After all the iterations, the current best bat x* gets improved and acts as the solution to the problem.

  • IV.    MapReduce Model

Map Reduce is programming model and an abstraction proposed by Google - Dean and Ghemawat [5] for processing large volumes of data in parallel. This Model exploits parallelism by splitting the input data into blocks which are processed by the map and reduce tasks in a completely parallel manner.
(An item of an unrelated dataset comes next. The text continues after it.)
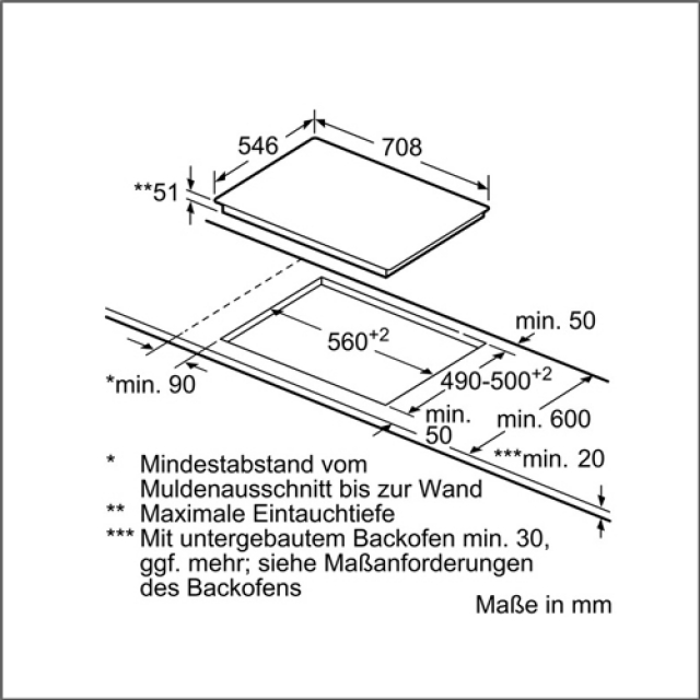 • Einbaumaße: 560 mm x 490 - 500 mm

And it is applicable to those parallel computing problems in which same operation is applied on each data item and whose output is consumed by other operations in groups.
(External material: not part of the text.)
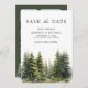Amaze your guests with this forest theme save the date featuring beautiful pine trees and modern typography with QR code for wedding website. Simply add your event details on this easy-to-use template and adorn this card with your favourite photos to make it a one-of-a-kind save the date card.
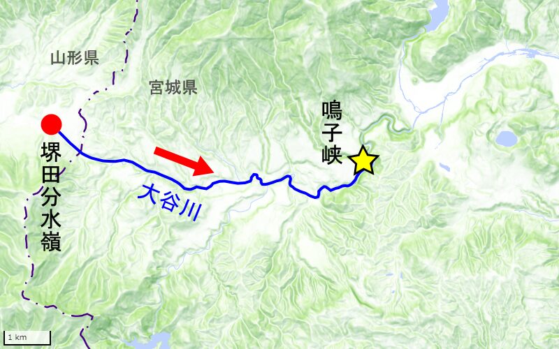 山形にある「川の分岐点」から、日本海と太平洋を目指す【それぞれ】

MapReduce Programming Model takes the input in the form of (key; value) pairs and operate on data in mainly three stages:

  • 1.    Map Stage:

  • 2.    Shuffle Stage:

  • 3.    Reduce Stage

In the map stage, the user defined map () function takes as input a single (key; value) pair and produces as output any number of intermediate (key; value) pairs. It is crucial that the map operation is stateless - that is, it operates on one pair at a time. This allows for easy parallelization as different inputs for the map can be processed in different machines.

MAP : ( K 1, V 1) LIST ( K 2, V 2)       (8)

In shuffle phase, all of the map’s output (key; value) pairs are sorted and all values associated with same key is grouped together in a value lists which is then send to reduce () function. This occurs automatically without any programmer intervention.

In the reduce stage, each user defined reduce () function takes all of the values associated with a single key k and outputs a multi set of (key; value) pairs with the same key k. This highlights one of the sequential aspects of MapReduce computation i.e. all of the maps need to finish before the reduce stage can begin. And in the reduce step, the parallelism is exploited by observing that reducers operating on different keys can be executed simultaneously.

REDUCE : ( K 2, list ( V 2)) LIST ( V 2)     (9)

Apache Hadoop is an open source software framework for distributed processing which has successfully implemented Google’s MapReduce and file system in its modules.

  • V . Parallel Bat Algorithm using MapReduce Model

As have seen that in each iteration of original BA, all bats find a new location either by flying randomly using equation (5) or by adjusting their frequency and updating their velocity, location using equation (2), (3), (4). Each bat then evaluates the fitness of new solution and accordingly move to new position if that’s better than the current position.

In original BA, the steps that can be parallelized i.e. can be executed independently are:

  •    Each bat updating its position.

  •    Iterations of generations can be executed in parallel.

But iterations can’t be parallelized as population of bat should improve from generation to generation and initial iteration results should be utilized in the next iterations.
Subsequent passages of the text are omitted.